*What you should do*
Quote every line of the data below as it stands, omitting pictures.

*Information provided*
##############################
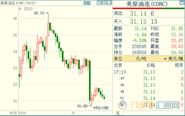北京时间17:10,NYMEX原油期货暴跌5.61%至31.13美元/桶;ICE布伦特原油期货暴跌5.87%至33.69美元/桶。
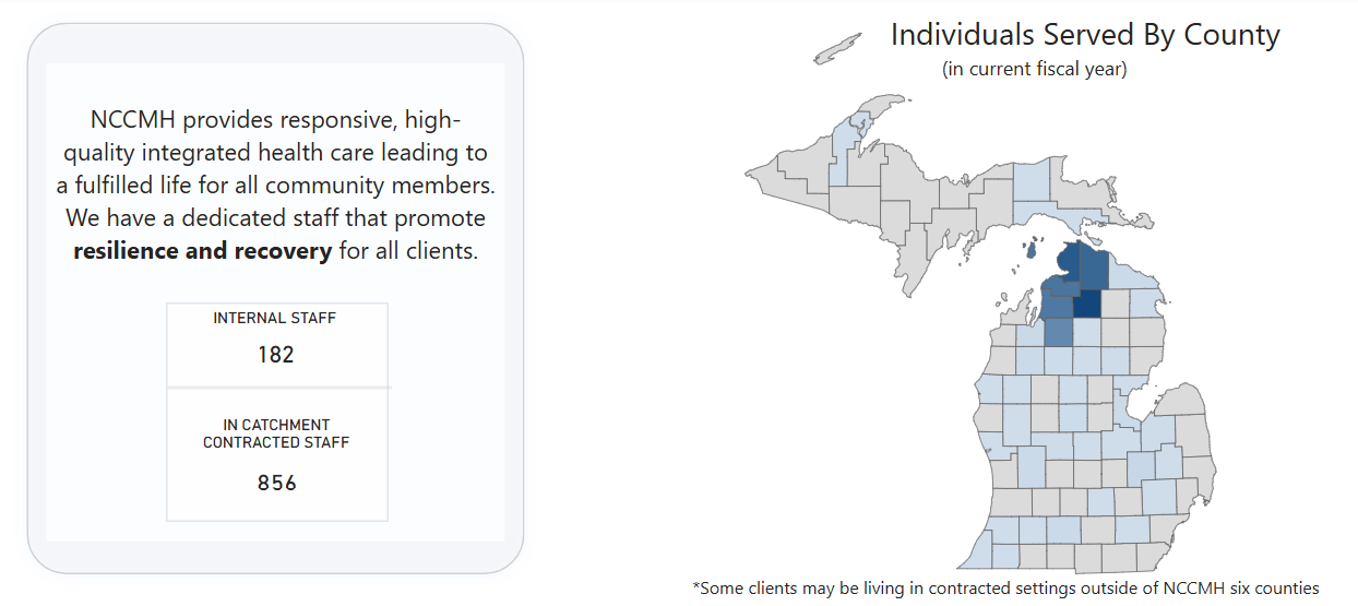 Clients are surveyed up to 4 times during the year. NCCMH aims to support positive life changes and maintain stability in key areas. The questions below help measure how many clients feel they had a positive movement from their first survey to their last or maintain stability in a positive way.
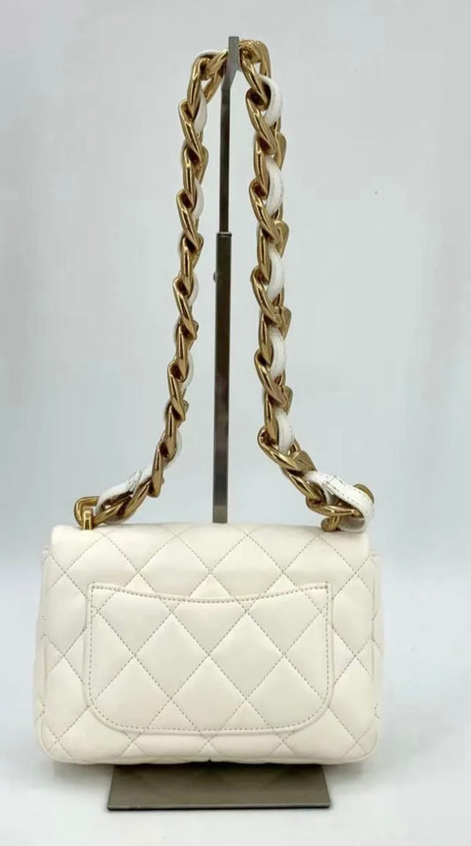 MINI CHANEL FLAP BAG CROSSBODY BEIGE & BLACK LAMBSKIN
##############################
*Solution*
北京时间17:10,NYMEX原油期货暴跌5.61%至31.13美元/桶;ICE布伦特原油期货暴跌5.87%至33.69美元/桶。
 Clients are surveyed up to 4 times during the year. NCCMH aims to support positive life changes and maintain stability in key areas. The questions below help measure how many clients feel they had a positive movement from their first survey to their last or maintain stability in a positive way.
 MINI CHANEL FLAP BAG CROSSBODY BEIGE & BLACK LAMBSKIN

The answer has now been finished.